CRITICAL: Agents CANNOT trigger compaction. Only the user typing /compact works.

• ❌ "compact and continue" does NOT work (agent outputs summary but context is NOT compressed)
• ❌ Agent cannot invoke /compact programmatically
• ✅ User must type /compact directly in the CLI

When approaching threshold (55-60%):

1. Complete current task
2. Persist all state:
   • Update docs/tasks.md with all progress
   • Update docs/orchestrator-learnings.json with variances
   • Commit and push both files
3. Output checkpoint using this EXACT format:

---
⚠️ COMPACTION REQUIRED

Context: {X}% — Cannot continue without compaction.

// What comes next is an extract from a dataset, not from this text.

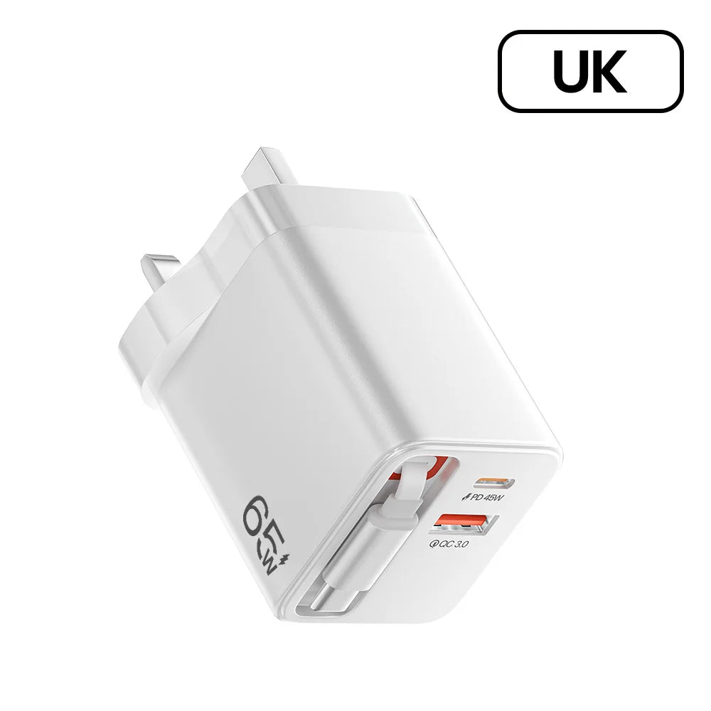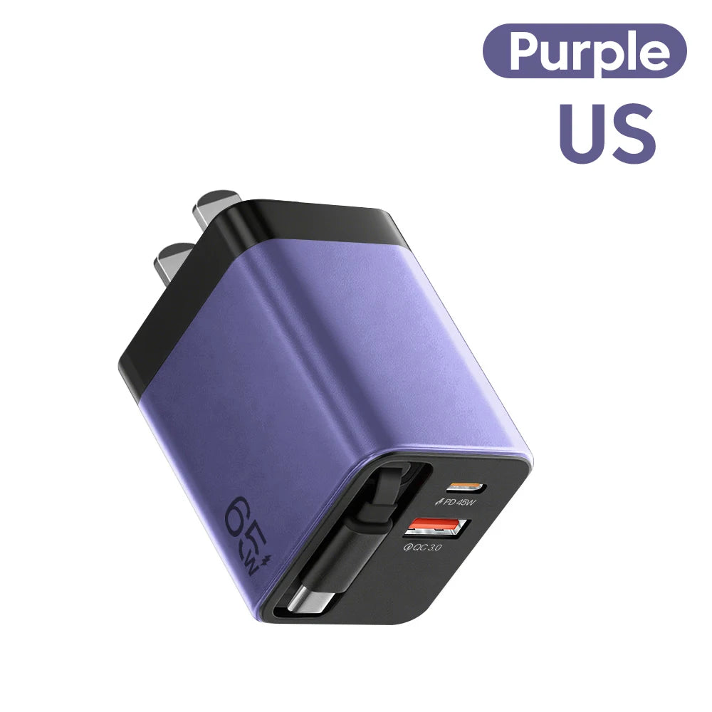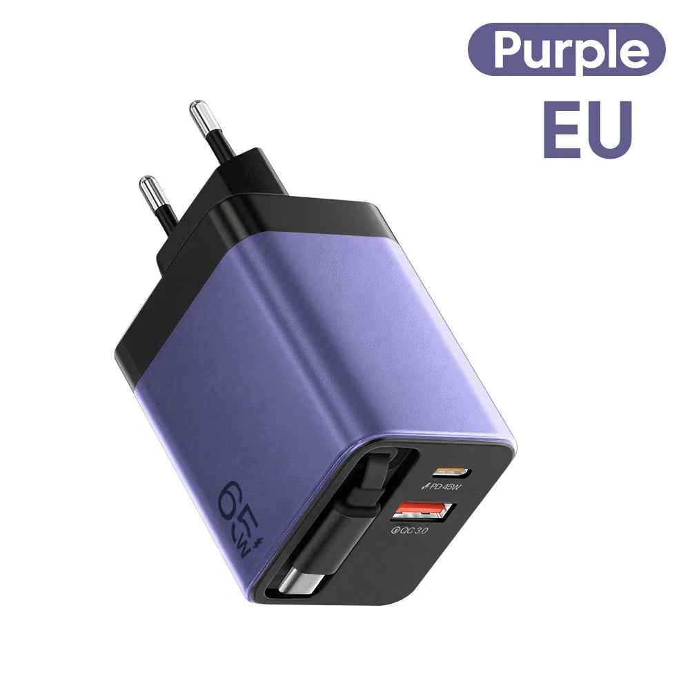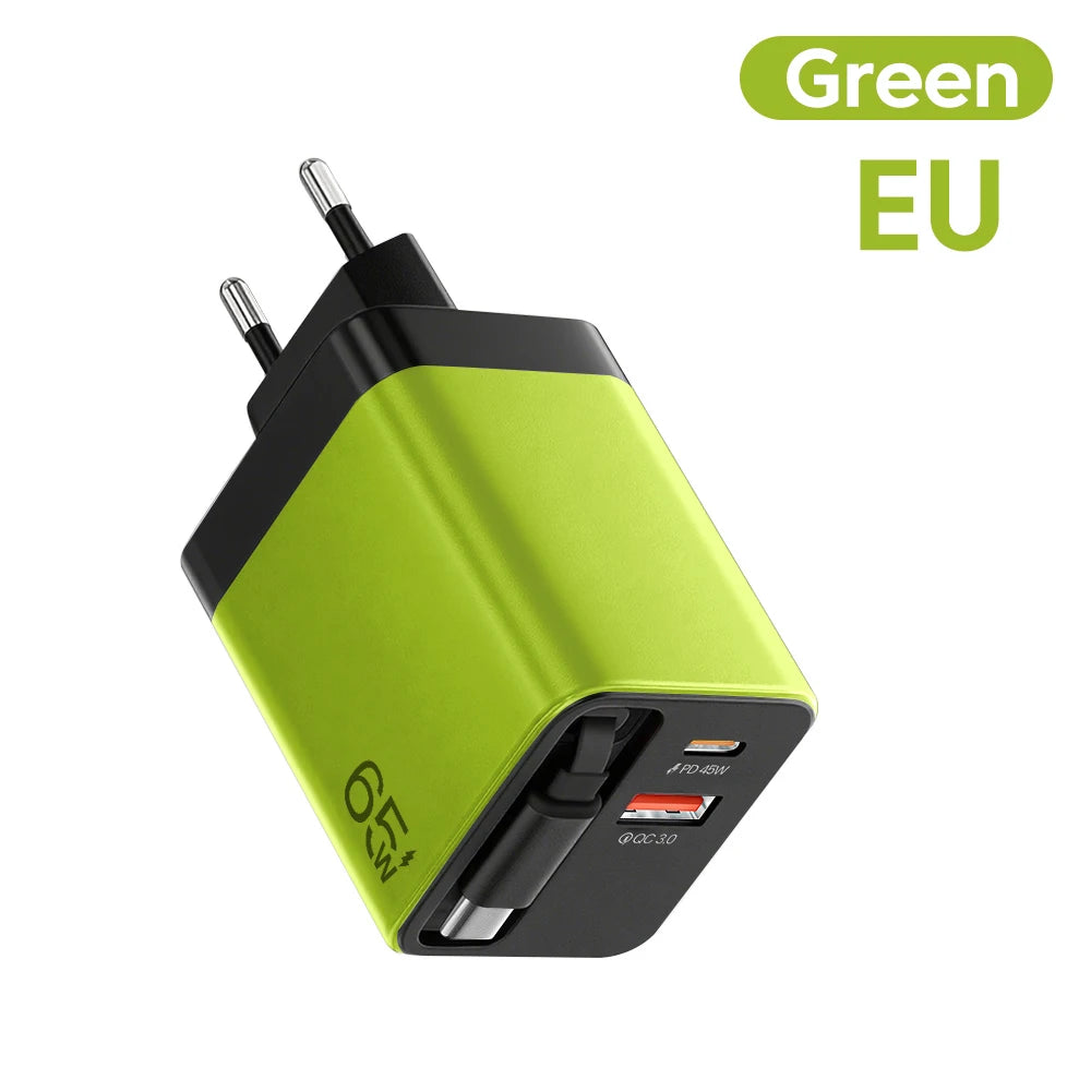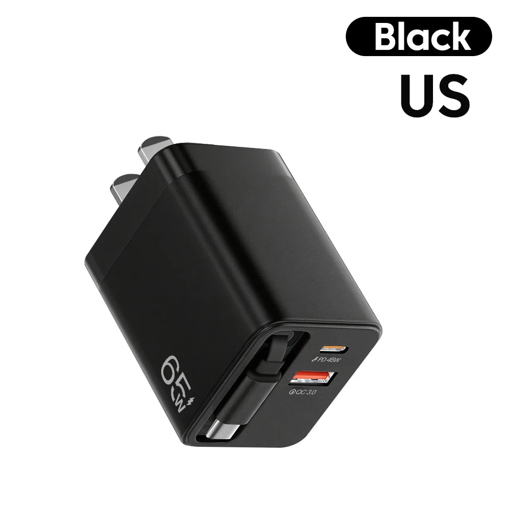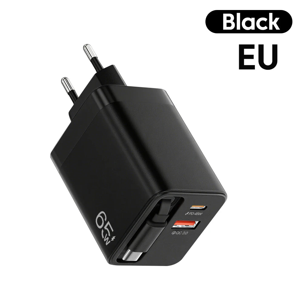 Pd65w USB Pd3.0 Phone Fast Charger with Retractable Cable EU UK Plug Power Po...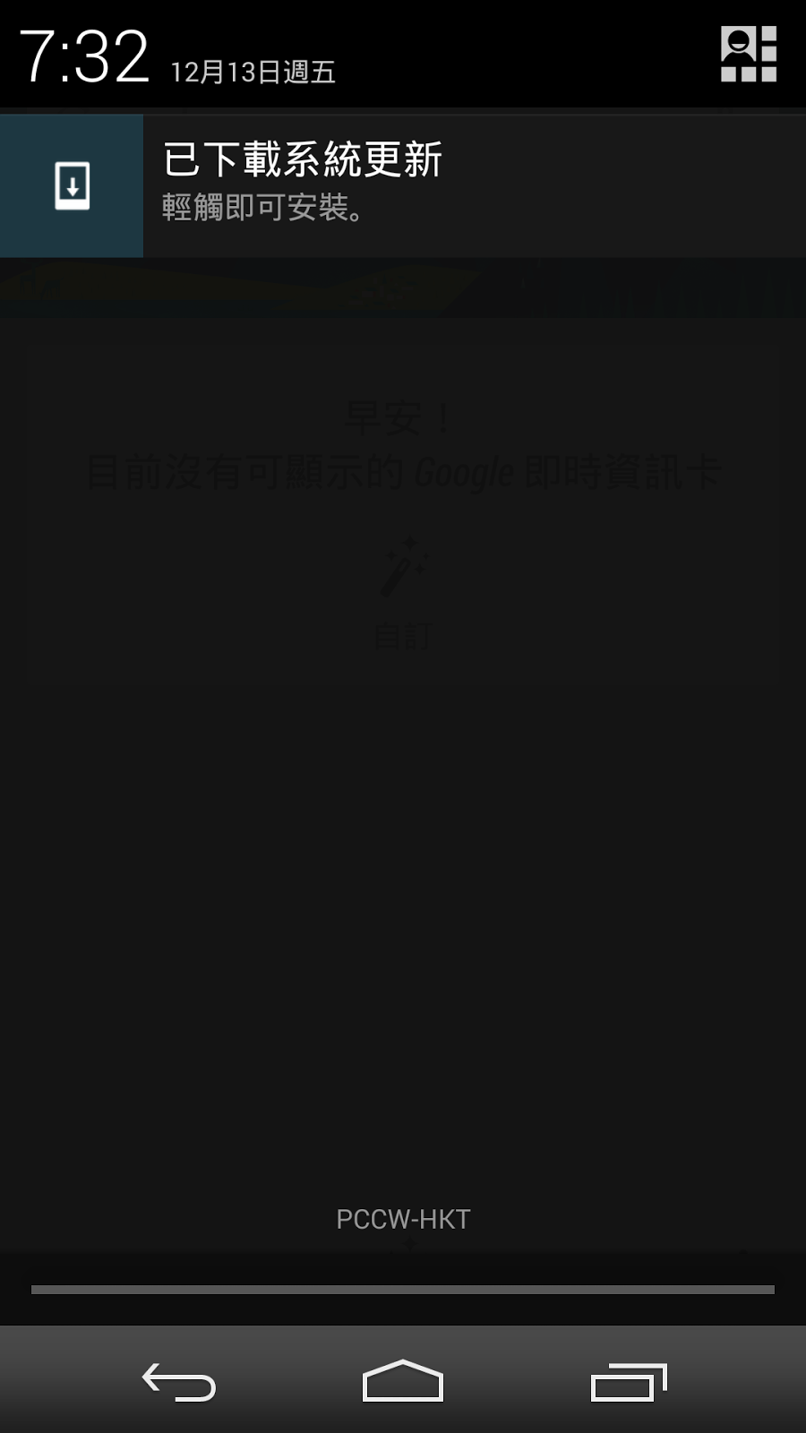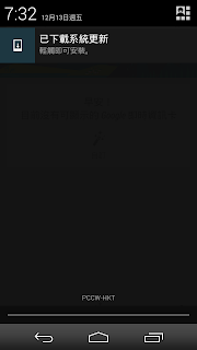 等了幾天,一覺早上醒來終於收到Android 4.4.2 System Update 的notification。

Progress: {completed}/{total} tasks ({percentage}%)
Next task: {task_id}

State persisted to:
- docs/tasks.md ✓
- docs/orchestrator-learnings.json ✓

ACTION REQUIRED:
1. Type `/compact` in the CLI (not in chat)
2. After compaction completes, say "continue"

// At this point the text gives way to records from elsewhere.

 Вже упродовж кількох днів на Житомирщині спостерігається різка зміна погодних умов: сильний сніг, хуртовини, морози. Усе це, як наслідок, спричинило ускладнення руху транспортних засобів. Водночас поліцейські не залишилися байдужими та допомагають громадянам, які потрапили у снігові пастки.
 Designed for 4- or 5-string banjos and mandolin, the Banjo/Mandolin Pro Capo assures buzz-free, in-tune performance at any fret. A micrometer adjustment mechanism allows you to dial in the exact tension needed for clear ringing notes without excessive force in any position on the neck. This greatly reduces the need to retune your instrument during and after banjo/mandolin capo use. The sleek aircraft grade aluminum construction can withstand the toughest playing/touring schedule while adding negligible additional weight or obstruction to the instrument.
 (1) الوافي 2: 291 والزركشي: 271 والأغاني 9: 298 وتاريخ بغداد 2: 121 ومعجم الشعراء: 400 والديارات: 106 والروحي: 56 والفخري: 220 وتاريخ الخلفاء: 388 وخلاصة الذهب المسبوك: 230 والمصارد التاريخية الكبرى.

I will resume with {task_id} after compaction.
---

4. STOP COMPLETELY — do not continue working
5. Wait for user to run /compact and say "continue"
6. Resume from next task

Rules:

• Do NOT output a summary and keep working
• Do NOT claim you can compact yourself
• Do NOT continue past 60% — the checkpoint is mandatory
• STOP means STOP — wait for user action

---

Learning & Retrospective

Variance Thresholds

Variance	Action
0-30%	Log only (acceptable)
30-50%	Flag for review
50-100%	Capture learning to docs/orchestrator-learnings.json
>100%	CRITICAL — review task classification

Task Type Classification

Type	Keywords	Base Estimate
STYLE_FIX	"formatting", "prettier", "lint"	3-5K
BULK_CLEANUP	"unused", "warnings", "~N files"	file_count × 550
GUARD_ADD	"add guard", "decorator", "validation"	5-8K
SECURITY_FIX	"sanitize", "injection", "XSS"	8-12K × 2.5
AUTH_ADD	"authentication", "auth"	15-25K
REFACTOR	"refactor", "replace", "migrate"	10-15K
TEST_ADD	"add tests", "coverage"	15-25K

---

Report Cleanup

QA automation generates report files in docs/reports/qa-automation/pending/. Clean up after processing.

Event	Action
Task success	Delete matching reports from pending/
Task failed	Move reports to escalated/
Phase verification	Clean up all pending/ reports
Milestone complete	Archive or delete escalated/

---

Stopping Criteria

ONLY stop if:

1. All tasks in docs/tasks.md are done
2. Critical blocker preventing progress (document and alert)
3. Context usage >= 55% — output COMPACTION REQUIRED checkpoint and wait
4. Absolute context limit reached AND cannot compact further

DO NOT stop to ask "should I continue?" — the answer is always YES. DO stop at 55-60% — output the compaction checkpoint and wait for user to run /compact.

---

Kickstart Message Format

## Mission

Remediate findings from the codebase review.

## Setup

- Project: /home/localadmin/src/mosaic-stack
- Review: docs/reports/{report-name}/
- Quality gates: pnpm lint && pnpm typecheck && pnpm test
- Milestone: {milestone-name}
- Task prefix: MS

## Protocol

Read docs/claude/orchestrator.md for full instructions.

## Start

Bootstrap from the review report, then execute until complete.

---

Quick Reference

Phase	Action
Bootstrap	Parse reports → Categorize → Estimate → Create issues → Create tasks.md
Execute	Loop: claim → spawn worker → update → commit
Compact	At 60%: summarize, clear history, continue
Stop	Queue empty, blocker, or context limit

Orchestrator owns tasks.md. Workers execute and report. Single writer eliminates conflicts.